We also will be a British Crown Colony again, because the Basic Law says that we remain that way until our calendar says July 1.


When July 1 actually arrives for the second time, the new post-handover calendar will snap into place again, as will the requirement to lose 11 days, and the whole process will repeat again.


And again. And again. For ever. Yes. Groundhog Day. Tomorrow never comes.


When the Gregorian calendar originally was adopted in Britain in 1752, there was rioting by people who believed their lives had been shortened by 11 days.


But we in Hong Kong will become trapped in a time continuum, and will stay young and fresh for ever, rather like RTHK's Cheung Man-yee.


To let mundane reality intrude for a moment, I suspect that the calendar part of the law will be retained, under an ancient legal technique called Scrappus the Bitus We Don't Likeum Et Keepus the Bitus We Do Likeum.

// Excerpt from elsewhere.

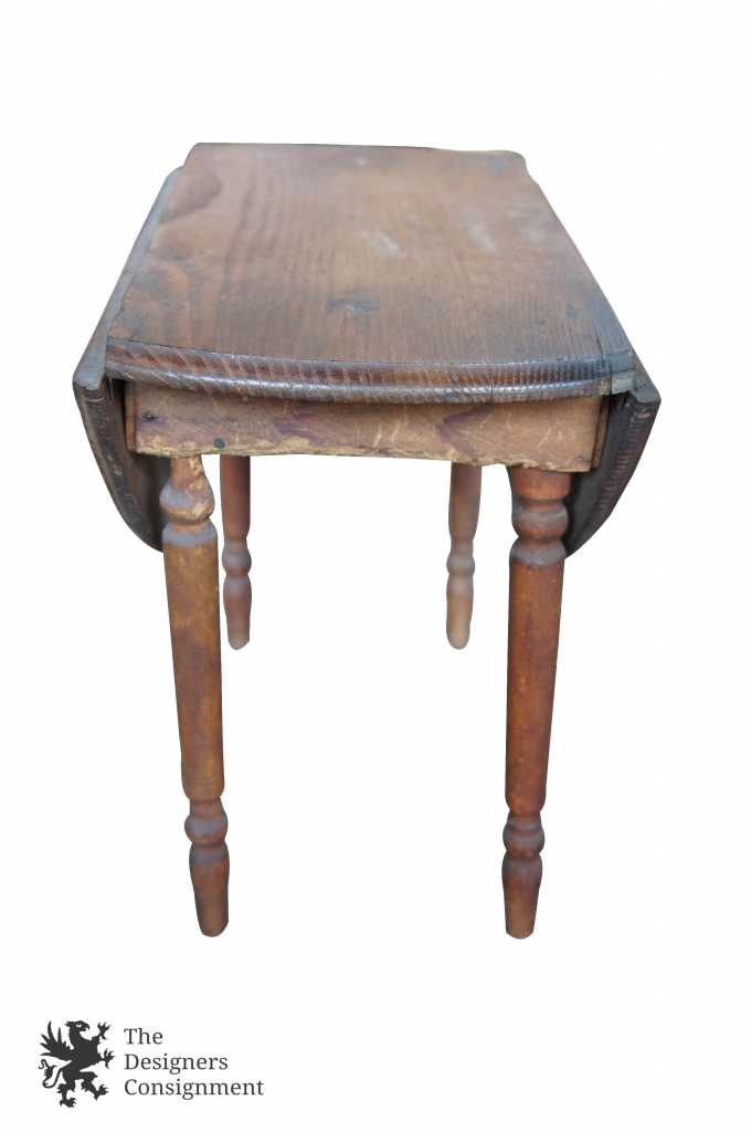 Primitive 1940s salesman sample drop leaf table. Made from pine with turned legs and brass hardware.

Incidentally, all this reminds me of the greatest gadget that Sony Corp of Japan ever made - an item which I believe has now been discontinued, as I can no longer find it in Hong Kong shops.


It was a pocket tape recorder, available seven or eight years ago, which enabled you to go back in time.


When you pressed the 'record' button, it would start taping all sounds in the vicinity of its microphone, from precisely 16 seconds before you pressed the button.


I don't know how it worked (and don't really want to know), but it was the perfect tool for reporting boring annual general meetings or the proceedings at Legco.


Such meetings often go on for hours, and are far too tedious to record in their entirety.


Using my trusty time-travelling tape recorder, I would sit there, half asleep on the press bench, while Important People droned on.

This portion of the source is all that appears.